# Work required:
Your task is to restate word for word the lines in the material below, from the one with "Libelle im Sommer" up to and including the one with "మంచిర్యాలలో బతుకమ్మలతో మహిళలు..". Do not carry over the pictures.
--*--
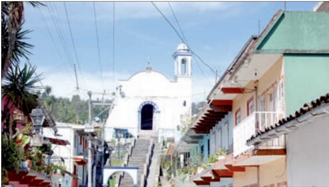
Profesores y estudiantes elaboraron proyecto para que el municipio obtenga la denominación de Pueblo Mágico
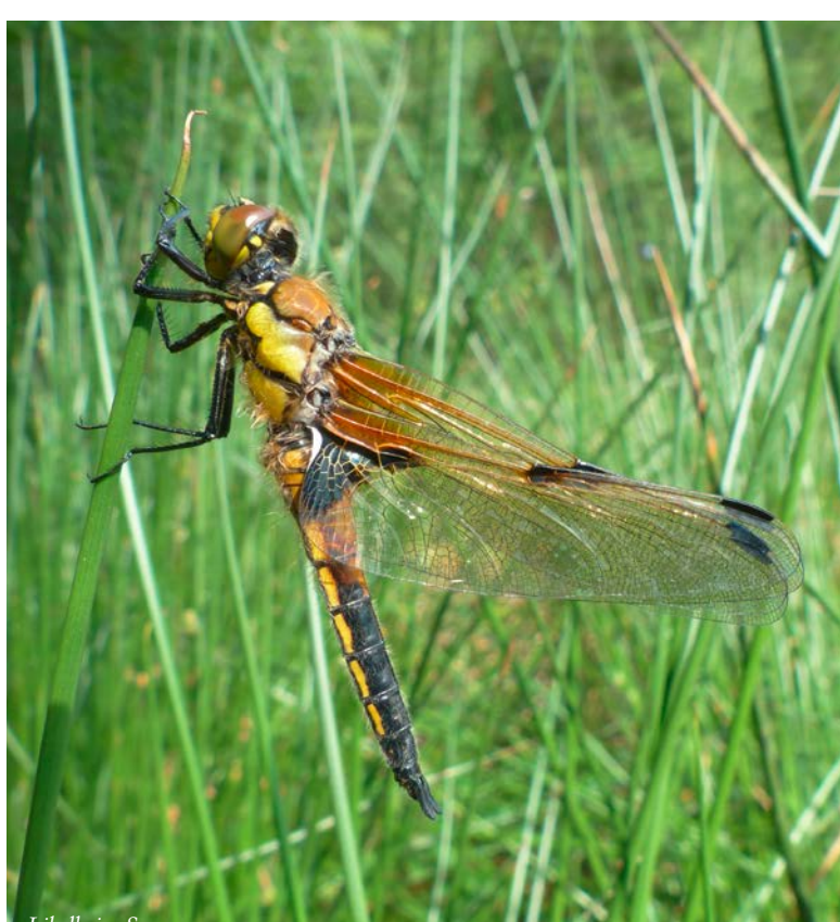
Libelle im Sommer
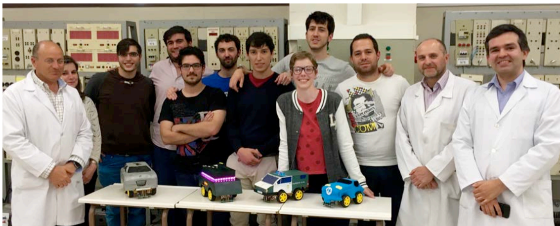
Participantes y jurado del concurso
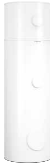
Vitocell 100-E 75 l + Vitocell 100-V 300 l
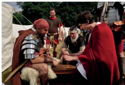
Abb 52: Römer- und Germanentage in Kalkriese
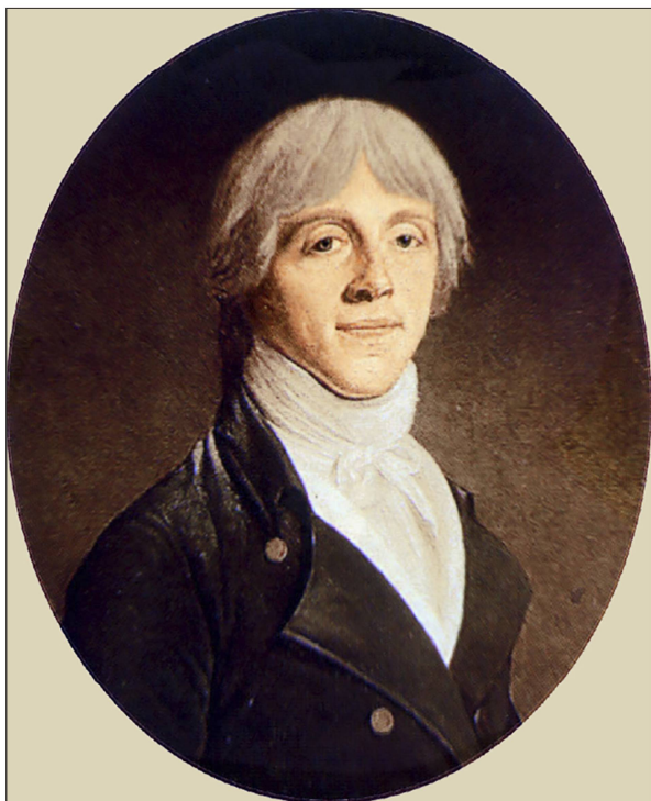
Fig. 6: Portrait de Benjamin Delessert.

la connaissance des langues, et avant tout, la maîtrise du latin, langue essentielle des botanistes.
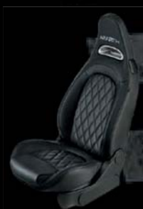
Tapicerka skórzana w kolorze czarnym (50J)
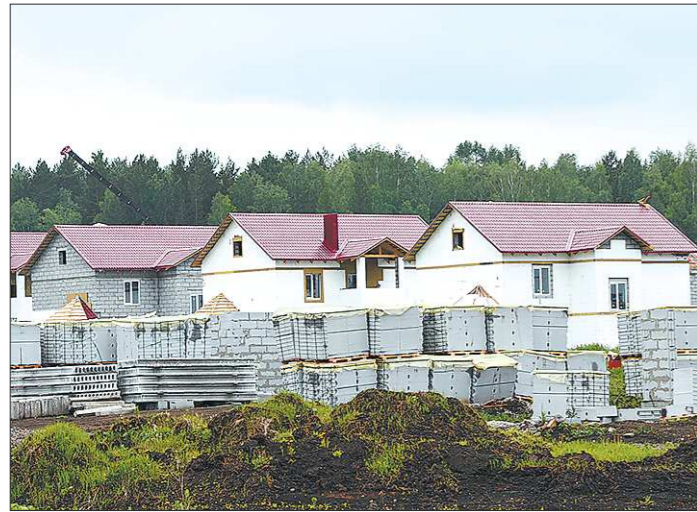
Мощности по производству кирпича загружены все на 50 процентов

+/- — рост / падение по отношению к предыдущему показателю
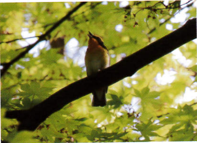
ねがいの小路での「キビタキ」

五頭山麓・村杉温泉エリアは 野鳥の宝庫です。時には上を 見ながら歩いてみませんか！
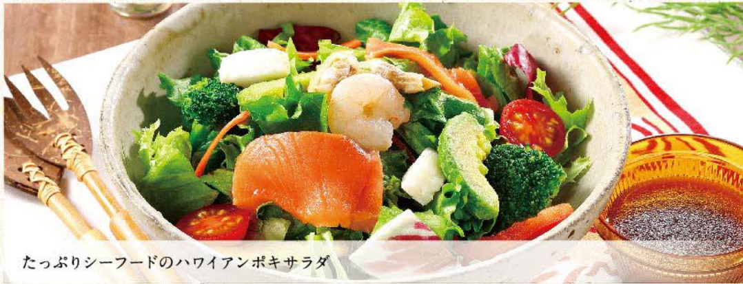
たっぷりシーフードのハワイアンボキサラダ

たっぷりシーフードのハワイアンボキサラダ 香草チキンのラタトゥイユサラダ チシャ菜(味噌付き)
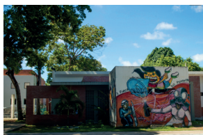
Bloco de Música - Campus I
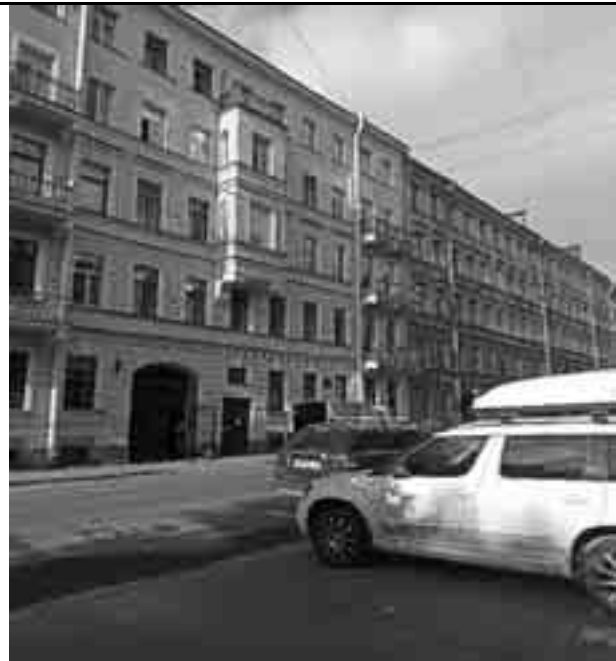
Фото №39 Соседние дома
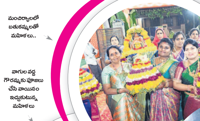
మంచిర్యాలలో బతుకమ్మలతో మహిళలు..

బెజ్జూర్: కుకుడ వాగు వంతెనపై నెత్తిన బతుకమ్మలతో యువతులు, మహిళలు
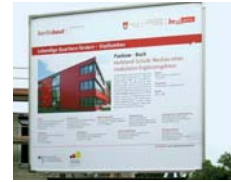
Bauvorbereitung Modularer Schulerweiterungsbau (MEB)
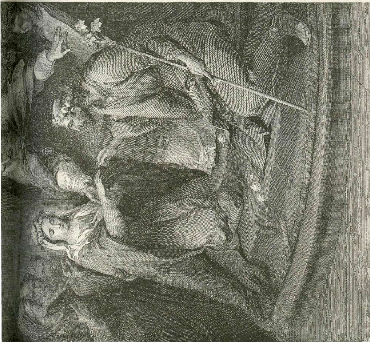
Zaroka Marije in sv. Jožefa. (Slikal Karol Vanloo.)

Lah je med tem zlezl pod klop ob steni in klical neprenehoma: „Madre, madre!“
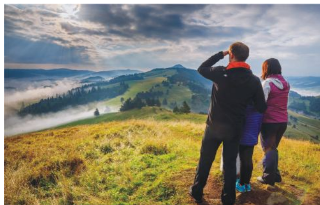
Foto 1. Horské oblasti sú hodnotnou súčasťou európskeho prírodného a kultúrneho dedičstva.

Všetky eseje a rozhovory publikované v tejto brožúre vyjadrujú subjektívne názory svojich autorov, účastníkov projektu CRinMA.
--*--
# Task solution:
Libelle im Sommer
Participantes y jurado del concurso
Vitocell 100-E 75 l + Vitocell 100-V 300 l
Abb 52: Römer- und Germanentage in Kalkriese
Fig. 6: Portrait de Benjamin Delessert.

la connaissance des langues, et avant tout, la maîtrise du latin, langue essentielle des botanistes.
Tapicerka skórzana w kolorze czarnym (50J)
Мощности по производству кирпича загружены все на 50 процентов

+/- — рост / падение по отношению к предыдущему показателю
ねがいの小路での「キビタキ」

五頭山麓・村杉温泉エリアは 野鳥の宝庫です。時には上を 見ながら歩いてみませんか！
たっぷりシーフードのハワイアンボキサラダ

たっぷりシーフードのハワイアンボキサラダ 香草チキンのラタトゥイユサラダ チシャ菜(味噌付き)
Bloco de Música - Campus I
Фото №39 Соседние дома
మంచిర్యాలలో బతుకమ్మలతో మహిళలు..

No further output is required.